With the price of fuel in South Africa having risen to unchartered levels in recent months, transport operators are being squeezed even more tightly every time they fill up. Nkosini Ngwenya finds out what impact this may have on the transport industry
The most recent fuel price hike (at time of writing) saw a litre of petrol costing a record R16,03 in the inland areas and R15,44 in the coastal areas, with diesel up to R14,40 and R13,97 respectively.
The Department of Energy has cited a number of reasons that have culminated in multiple
fuel-price increments in a space of a few months. These include the weakening of the rand against the United States dollar and the increase of global oil prices.
At the start of the year, the price of 50 ppm diesel in inland areas was at R12,38. By July 4 the price had increased to R14,01. This fuel hike came at a time when the whole country was still reeling from another increment in the form of the value added tax (VAT) increase from 14 to 15 percent on April 1 – the first such increase in 25 years.
This major increase in fuel prices directly affects many spheres of life, but transporters in particular.
According to Mary Phadi, convener of the Truckers Association of South Africa (TASA), workers in the transport and trucking industry are already losing jobs and employers are struggling to keep up with runaway fuel prices.
“Before we even talk about the latest fuel increase, everybody who has a truck in South Africa is in trouble. It is really a concern to us, because the economy is not growing and we don’t get to have more work opportunities.
“If you add the fuel price increase to what is already a challenging environment, then you can see we are feeling the pinch. We feel that the government is failing us as emerging truckers,” explained Phadi.
The lack of financial support for transporters from the South African government has further exacerbated the financial dilemma faced by transporters. Unlike other sectors, such agriculture and education, the transport sector doesn’t receive any financial assistance from government.
“The government has been doing that for a long time now with the farmers; it supports them. Those in manufacturing are supported, too. As truckers, we feel that we have been neglected by the government,” added Phadi.

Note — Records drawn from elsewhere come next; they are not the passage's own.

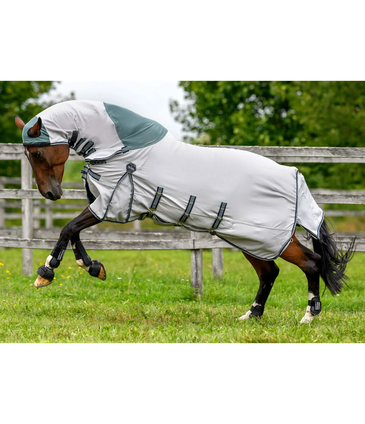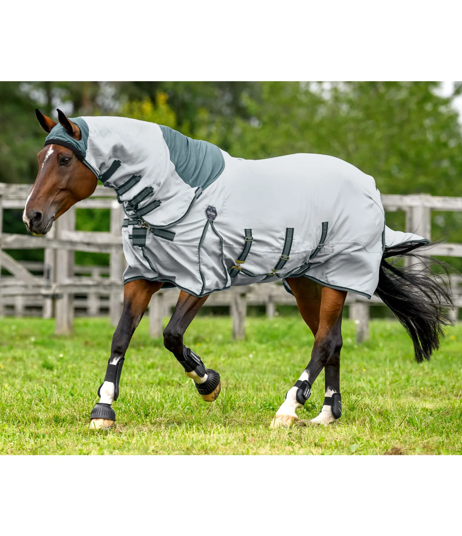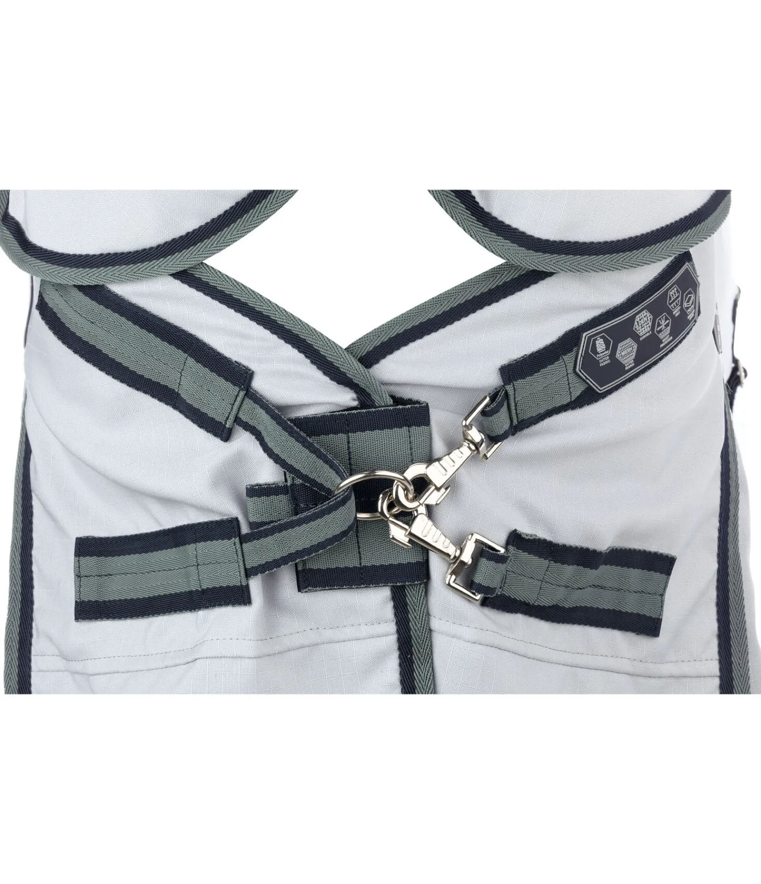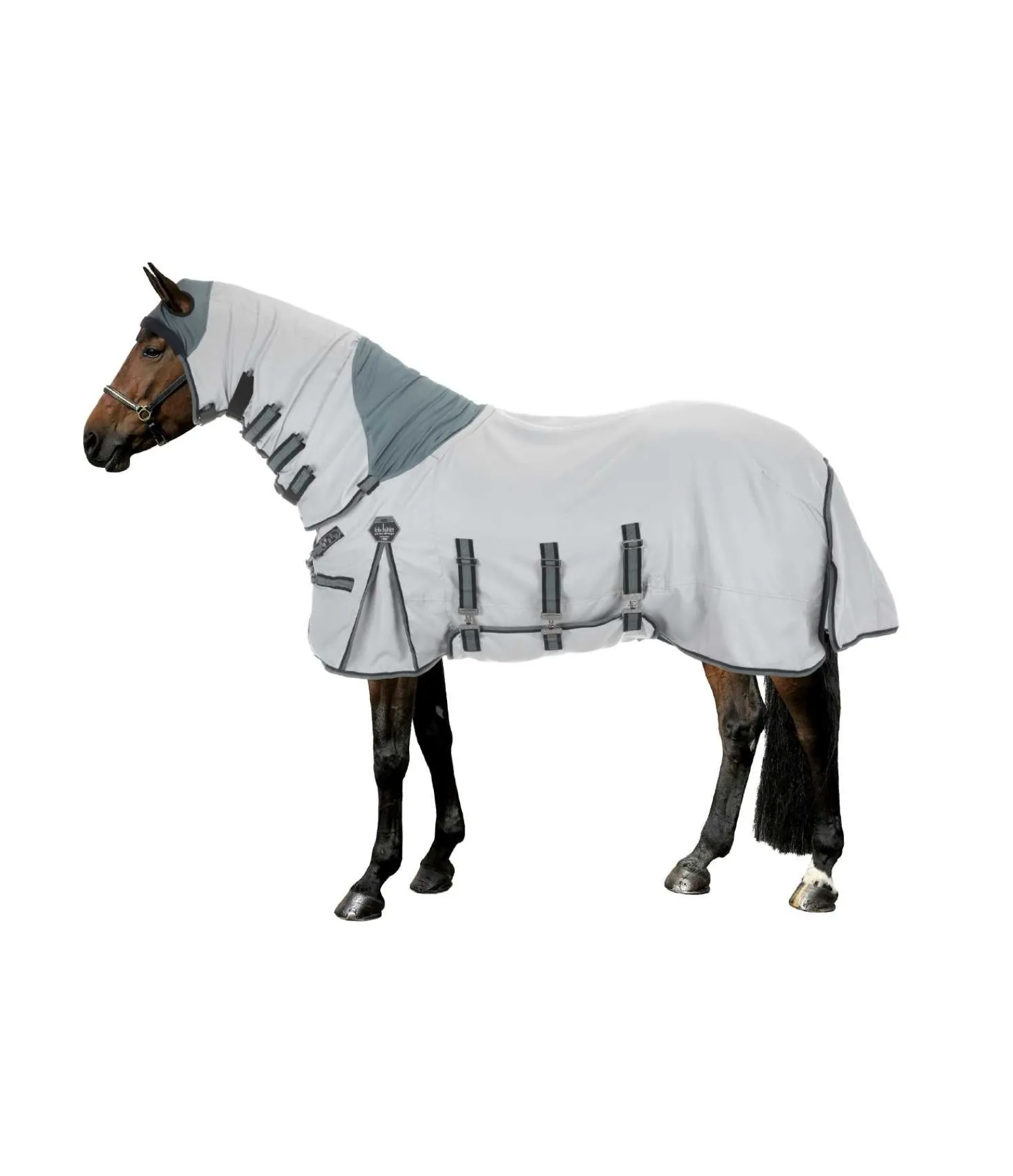 Couverture anti-mouches multifonction spécialement conçue pour les chevaux dermiteux avec long couvre-cou extensible au niveau de la nuque pouvant être fixé sur les oreilles, rabat ventral extra-large avec trois sur-sangles et grand rabat de queue pour une protection maximale. En matière résistante Ripstop 600 deniers, qui empêche même les plus petits insectes de passer. Protège des rayons agressifs du soleil grâce à la protection UV 90 % +. Généreux plis d’aisance aux épaules et empiècement extensible à la base de l’encolure pour une liberté de mouvement optimale, ce qui permet au cheval de brouter sans être gêné par la couverture. Double fermeture de poitrail équilibrée en plusieurs points, avec mousquetons et patte auto-agrippante supplémentaire. Courroie de queue amovible et réglable et anneaux permettant fixer des courroies de cuisses (non fournies).100 % polyester.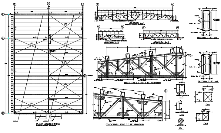 Detail of steel framing plan dwg file, including reinforcement detail, joint bolt nut detail, dimension detail, naming detail, etc.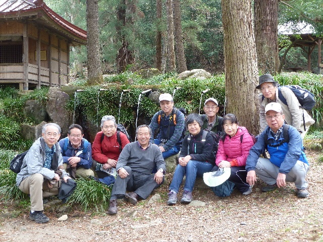 朝から、怪しい天気!7時過ぎ頃から少々の雨が降り出す。 参加者には、「傘持参で決行します」との急遽メール発信。 午前8時半過ぎ、甲府市中道支所・農産物直販所に集合。 2台の車で境川スポーツセンター駐車場に向かった。 先ずは、集合写真、境川に沿って歩き出す。 境川小学校を横目に上り坂、市川三郷町に続く広域農道を歩く。 藤垈の滝入口から更に上り坂。突然雨が降り出した。 歩き出して丁度1時間、藤垈の滝に到着。 あずま屋で持参したコーヒーを沸かし、御茶菓子を口にしながら喉を潤す。 N君は昔の懐かしいお茶菓子を最近持参してくれるのでとても楽しみだ。 いつかは「五家宝」を持ってきてくれた。 休憩後、後ろの公園内にある現代作家の作品展を見学。 ここで困った事が起きた。草むらを歩いたので、「バカ」が付いた。 キョエちゃん曰くの「岡村のバカー!」じゃあないけれど、この「バカ」は山梨の方言だろうか?それとも全国的に通じるのだろうか・・・・。 そんな話をしながら、湿地帯の水芭蕉を見学。 向昌院を抜けて、智光寺の「カヤの木」は山梨県指定天然記念物とあって見事だった。 かいじ国体の時にできた自転車競技場を見ながら帰路についた。 Report by J.Yamamoto |
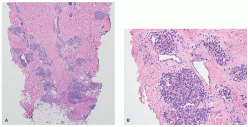 FIGURE 25-12. Tufted angioma. A, Rounded lobules of small, thin-walled vessels in the deep dermis, with minimal intervening stromal changes and absence of subcutaneous extension (H&E-stained section, 40× magnification). B, Crescentic lymphatic channels encircle individual lobules (H&E-stained section, 200× magnification).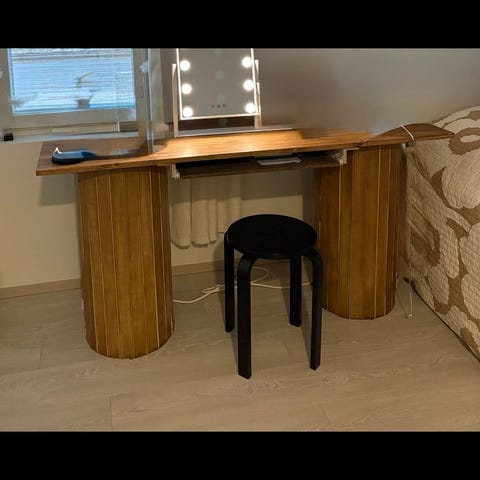 Myydään pieneen tilaan nurkkapöytä puuta. 1 jalalla ja kiinnitys seinään. löytyy kulumaa. voi maalalla mieleisekseen.

Furthermore, shortly after the fuel price hike, President Cyril Ramaphosa announced government’s intervention to curb the increase of prices on products that are directly affected by fuel price hikes.

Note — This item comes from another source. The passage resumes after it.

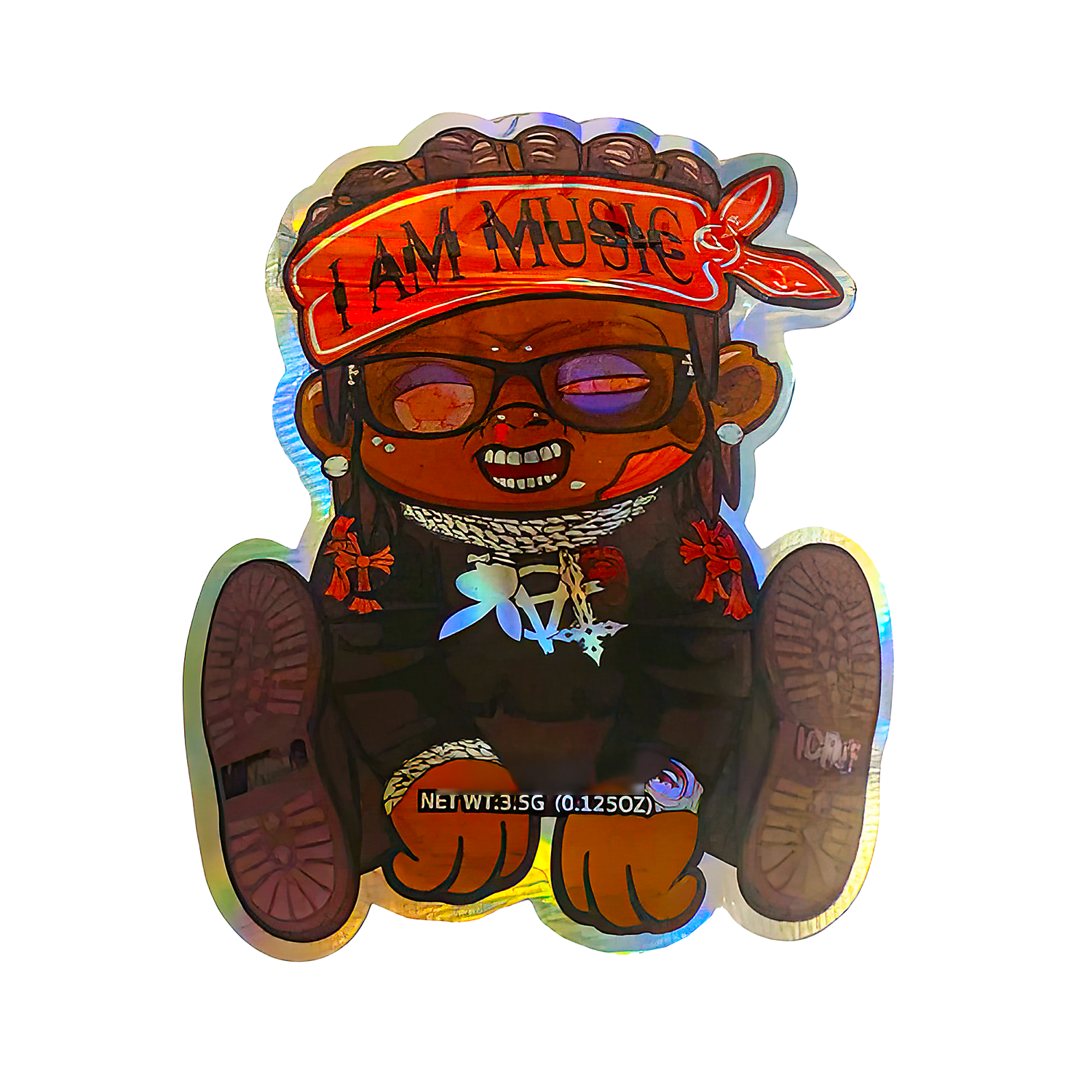 Upgrade your storage packaging with the 3.5g Shaped Mylar Storage Bag Packaging - I Am Music premium-quality, smell proof, resealable, and collectible exotic design appeal crafted for product presentation and freshness. Each 3.5g Shaped Mylar Bag features high-grade Mylar Packaging Bags material with a die-cut shape that enhances visibility for product branding appeal.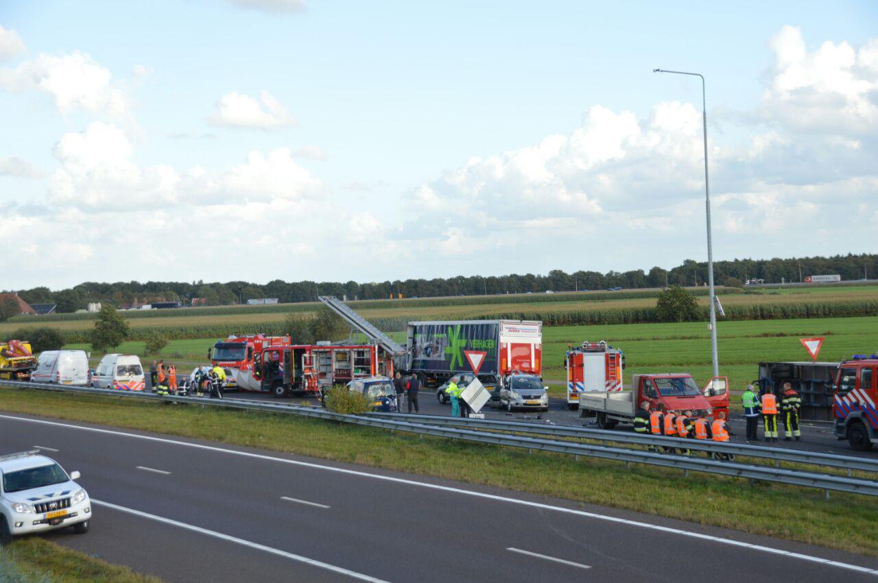 De 67-jarige stond in de file voor de rotonde Joure. Door nog onbekende oorzaak botste een bestelbus achterop de wagen van de Groninger. De auto van het slachtoffer sloeg door de klap over de kop en raakte vervolgens de auto die voor hem reed. Hierbij raakten nog twee personen (leeftijd en woonplaats nog onbekend) gewond. In deze auto zaten onder andere drie kinderen. De weg raakte door de aanrijding versperd en werd voor het onderzoek van de verkeerspolitie geruime tijd afgesloten. De bestuurder ( leeftijd nog onbekend) van de bestelbus wordt na behandeling in het ziekenhuis op het politiebureau verhoord.

“We want to make a call to those who are involved in the transport sector who are tempted to increase prices, to hold back,” he outlined.
This call by the president could be detrimental to the transport sector, considering the fact that this sector is self-reliant. Unlike other sectors that receive government funding, the transport sector relies solely on funds that it generates.

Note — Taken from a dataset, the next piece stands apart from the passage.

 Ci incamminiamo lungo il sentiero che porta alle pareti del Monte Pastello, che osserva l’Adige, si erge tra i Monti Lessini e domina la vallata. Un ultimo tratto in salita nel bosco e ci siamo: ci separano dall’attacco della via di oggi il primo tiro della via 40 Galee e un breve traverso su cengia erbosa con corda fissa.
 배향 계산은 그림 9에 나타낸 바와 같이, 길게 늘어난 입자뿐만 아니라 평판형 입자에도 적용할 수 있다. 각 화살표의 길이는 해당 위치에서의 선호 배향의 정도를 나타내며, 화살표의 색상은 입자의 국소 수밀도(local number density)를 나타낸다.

Thus, by interfering with price increments in the transport sector, the government is adding further burden to a sector that is already struggling to cope with the increased price of fuel in a worsening economic climate.
To counter this problem, TASA is engaging with government to come up with a plausible solution that will effectively sustain the sector and prevent further job losses.
The increase in the fuel price has knock-on effects to other industries, too. According to Paul Makube, senior agricultural economist at FNB AgriBusiness, the cost of producing and transporting agricultural crops has inevitably come under a lot of financial strain as a result of fuel-price hikes.
More than 80 percent of our grain produce is transported by road, and, with the increase of fuel prices, businesses will pass on the burden to consumers as they struggle to absorb the added costs.
In addition to increased transport costs for agricultural products, higher crude-oil prices impact the costs of fertilisers, pesticides and herbicides needed for crop farming. As a result, many facets of our economy, particularly agriculture, are affected by fuel-price hikes.
Despite renewed optimism in the transport sector that came with the appointment of President Ramaphosa, the sector is struggling under the new administration.
“Truckers in this country are not happy… Some (companies) have already retrenched drivers, so, for the foreseeable future, it is definitely going to be very bad,” concluded Phadi.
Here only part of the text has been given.